You were bidding against me. You won fair and square Bob
 Ps maybe you'll do a loaner some time :winner:


----------



## Ulma Doctor

i'll tell you Bob, you don't know how close you came to getting the Biax.
it was a huge leap of faith for me, but i figured either i'd get it for a decent price or
someone else would get it for a slightly increased cost.
to be honest with you you could have had it at auction if your bid was about $20 more than i ended up paying for it.
i didn't think i'd really win, i drew the line at 450 + frt.
i have seen beat down units go for a lot more.:headscratch:
but, i'll sleep better when it lands and i can run it for the first timehew:


thanks for the comments and thanks for reading!
pictures upon arrival!!!!


----------



## Ulma Doctor

astjp2 said:


> I have not been able to justify the bag's prices on them, really old machines and over the top for prices.  There is a newer model on there now for a grand without any attachments....

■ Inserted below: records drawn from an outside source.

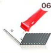
06 Perching Knife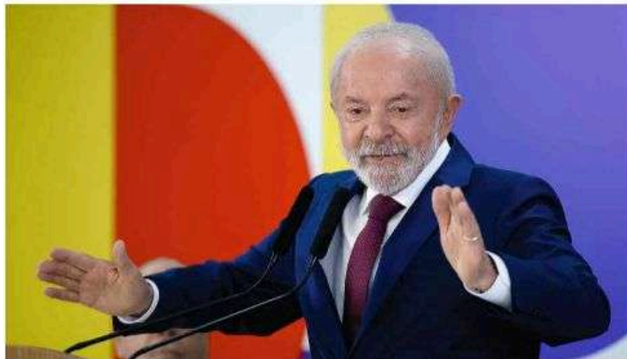
O presidente Lula (PT) em café da manhã com jornalistas no Palácio do Planalto, em Brasília.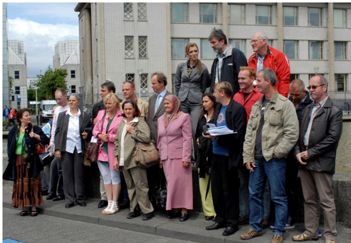
Afbeelding 11: PAX organiseerde in juni 2009 voor overlevenden en Dutchbatters een gezamenlijk bezoek aan het ICTY in Den Haag.

verantwoordelijk worden gehouden “voor de acties van hun soldaten tijdens vredesmissies”. 68 Ook vredesorganisatie PAX benoemde het baanbrekende juridische oordeel, en wees erop dat de eerdere stellingnames van Kok, Balkenende en andere politici met deze twee uitspraken van de Hoge Raad in feite onhoudbaar zijn geworden.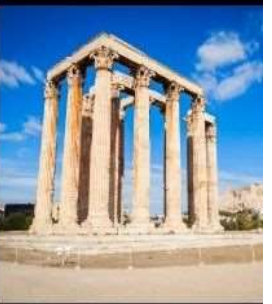
Temple Of Olympian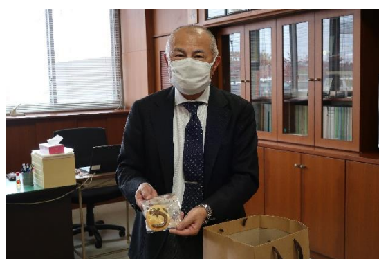
記念品を受け取る各務代表取締役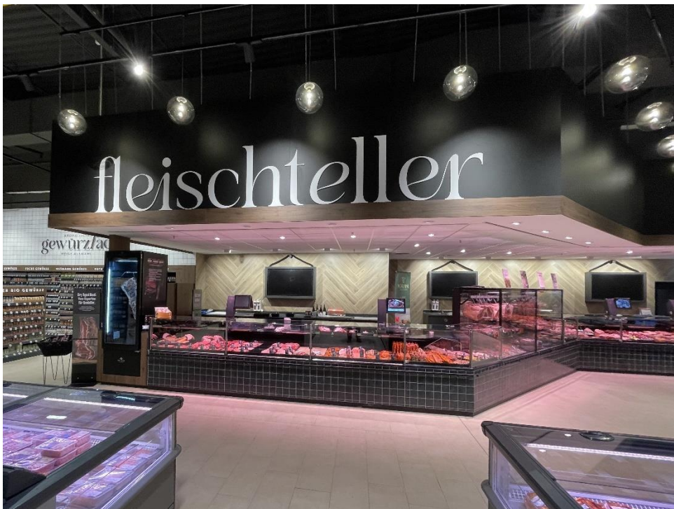
BU: An der knapp 24 Meter langen Frischetheke für Fleisch und Wurst sowie Käse erwartet Kund:innen eine vielfältige Produktauswahl sowie fachkundige Beratung.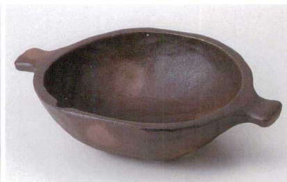
ミ235-14 黒伊賀備前吹手付大鉢 32.5×23.2×8cm 3,100円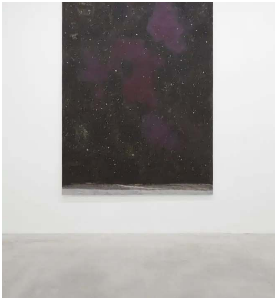
Mappa di stelle, 2019

Quella di Addamiano è una pittura fatta di pennellate dense e stratificate, che assorbono lo sguardo dello spettatore come se questo si trovasse effettivamente davanti a una sterminata distesa celeste, in una contemplazione non solo estetica ma anche -e soprattutto- emotiva.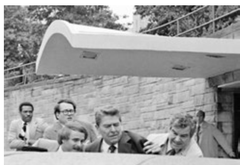
◆ 里根於1981年3月底在華盛頓一間酒店外演講後遭槍擊。

香港文匯報訊 美國史上多次發生針對總統或總統參選人的暗殺意圖，其中4人身亡，上一次行刺案發生於1981年，時任共和黨籍總統里根被槍擊受傷。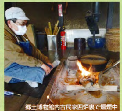
郷土博物館内古民家囲炉裏で燗燗中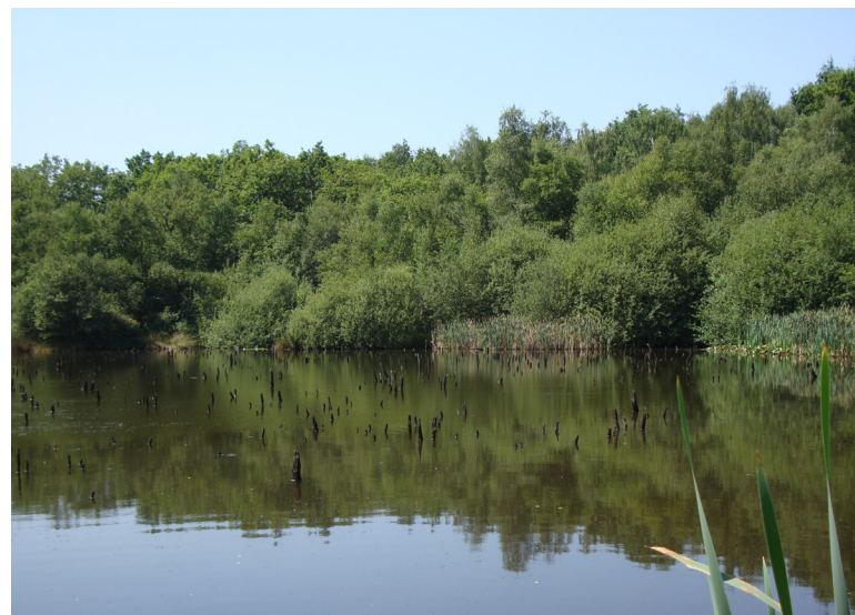
Abbildung 9: Die Bergsenkung im Köllnischen Wald wurde intensiv floristisch untersucht.

Vegetationsaufnahmen aus diesem Bereich wurden im letztjährigen Bericht dargestellt (Keil et al. 2014).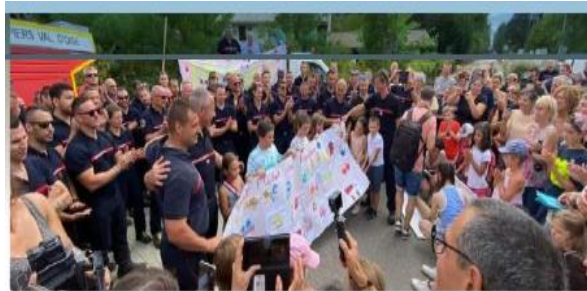
Feu Landiras et Sud-Ouest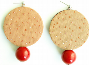
BEIGE GLITTER Art.211.2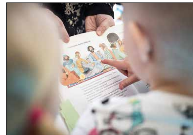
Päiväkerhon hartaushetkessä keskustellaan siitä, mitä pääsiäisenä tapahtui. Pääsiäiskertomus herättää lapsissa paljon kysymyksiä.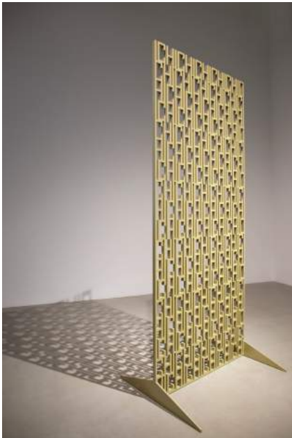
Marbod Fritsch, ICHICHICH, 2022, lackiertes, wasserstrahl-geschnittenes Aluminium, 180 x 77 x 4 cm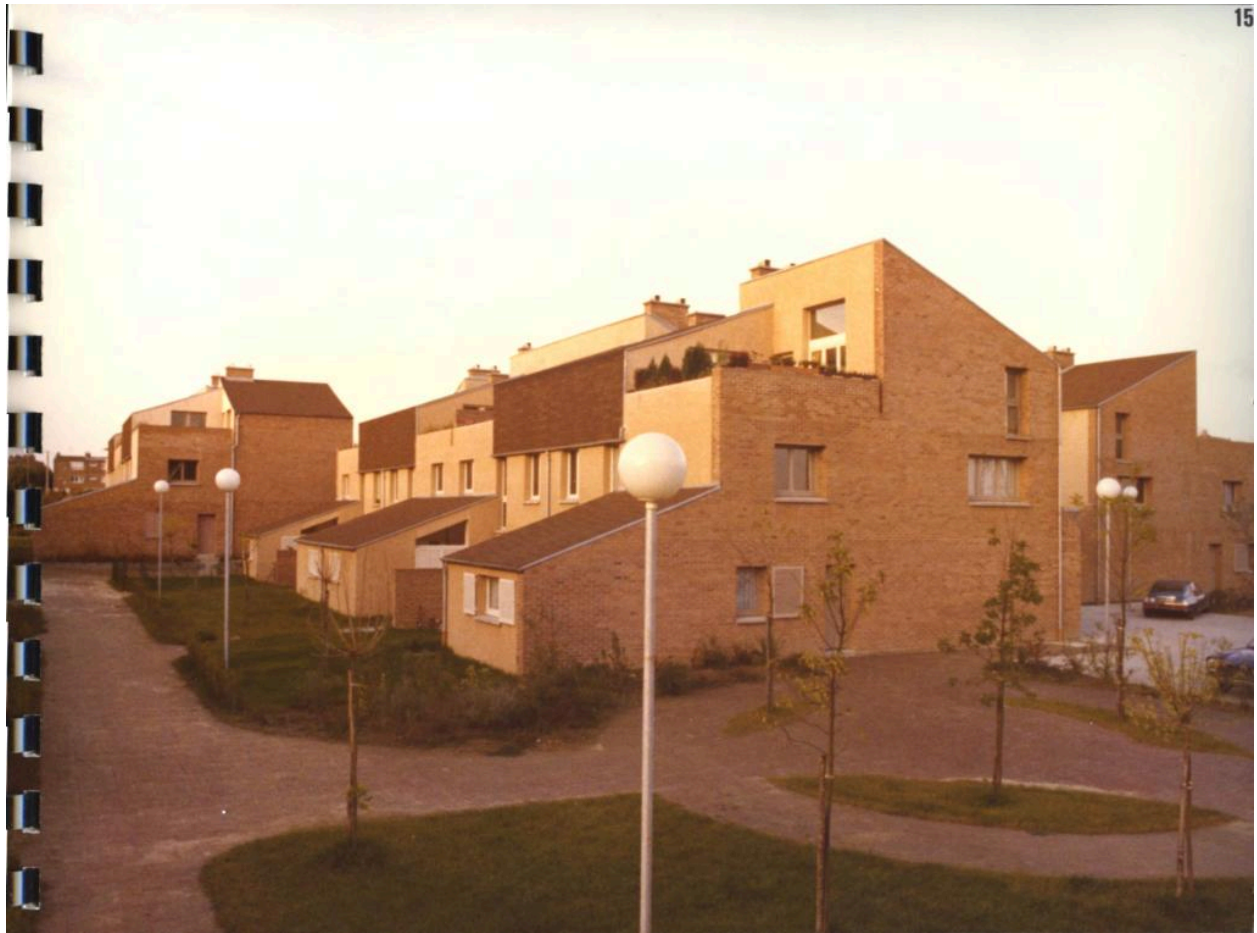
Vue depuis la placette marquant l'entrée de la Châtellenie. Photographie, 1978. On note le parement initial, intégralement en brique (AC Villeneuve d'Ascq ; 16W3).

I have a hard time paying Champagne prices for Coors' Light.
i do buy new things, but even then i don't like paying full price if i can help it.
On the flip side of the coin, i will spend my hard earned dollar on high quality equipment and tools that have proven track records. i will gamble a little on getting stuff if i want it bad enough.
heck- usually i get things that are broken, super cheap, and return them to function.
sometimes i take the goodie and keep it (most times).
 sometimes i will trade them or give them to worthy people as an act of Machinery Karmic Alignment:jester:


----------



## Ulma Doctor

chips&more said:


> That’s odd, I got an e-mail saying it’s being shipped to my house?



:roflmao:

Can i at least get a picture of the Biax when it arrives ? I'd hate to wonder if it was lost in the mail :jester:

 Maybe borrow it for a quick scrape job, about 10 minutes max????


----------



## vettebob

My max was $450 including shipping, You won by shipping


----------



## Ulma Doctor

vettebob said:


> My max was $450 including shipping, You won by shipping



too bad we didn't know a couple days ago that we were biddin' against each other
things might have been a lot different.:thinking:


----------



## benmychree

Congrats!  that is a great price if it is not TOO used; make sure you look at the brush wear and replace if they look like they need it.

VTY  John


----------



## Ulma Doctor

benmychree said:


> Congrats!  that is a great price if it is not TOO used; make sure you look at the brush wear and replace if they look like they need it.
> 
> VTY  John




Thank You, John!
i figure if it's got some life left , i'll have some fun.
if not, i'll at least learn why/how they tick, and not make the same mistake!!!!:jester:

thanks for the suggestion about checking the brushes,
i'll be sure to give it the once over, twice !!!

all the best,
mike)


----------



## RWL

Congratulations.  Post a photo or two when it arrives.  Remember that you can make your own carbide scraper blades if you have a torch with sufficient heat to do silver soldering.  No need to spend $ on factory made blades.  Your next task will be to make a sharpener.  Diamond embedded lapidary lapping plates are available on ebay for around $14 each.  You need to step down the speed on a home made grinder/lapper to around 300 rpm.  You can make a fixed rest with a 5º angle using wood.  The sharpener doesn't have to be fancy.  A green carborundum grinding wheel won't provide an adequate finish on the scraper blades; it is only useful for rough shaping of the radius on the carbide.  It's been a year since I took Rich King's scraping class in Pittston, PA around this time last year.


----------



## Ulma Doctor

RWL said:


> Congratulations.  Post a photo or two when it arrives.  Remember that you can make your own carbide scraper blades if you have a torch with sufficient heat to do silver soldering.  No need to spend $ on factory made blades.  Your next task will be to make a sharpener.  Diamond embedded lapidary lapping plates are available on ebay for around $14 each.  You need to step down the speed on a home made grinder/lapper to around 300 rpm.  You can make a fixed rest with a 5º angle using wood.  The sharpener doesn't have to be fancy.  A green carborundum grinding wheel won't provide an adequate finish on the scraper blades; it is only useful for rough shaping of the radius on the carbide.  It's been a year since I took Rich King's scraping class in Pittston, PA around this time last year.




Thanks RWL!!
Pictures will be posted upon arrival!!!!:ups:
i hadn't considered making a sharpener, until now!!!!!:thinking:
Great idea!!!!:rubbinghands:

It's been a year and a half since my last scraping class, i'm ready to get some scraping done!!!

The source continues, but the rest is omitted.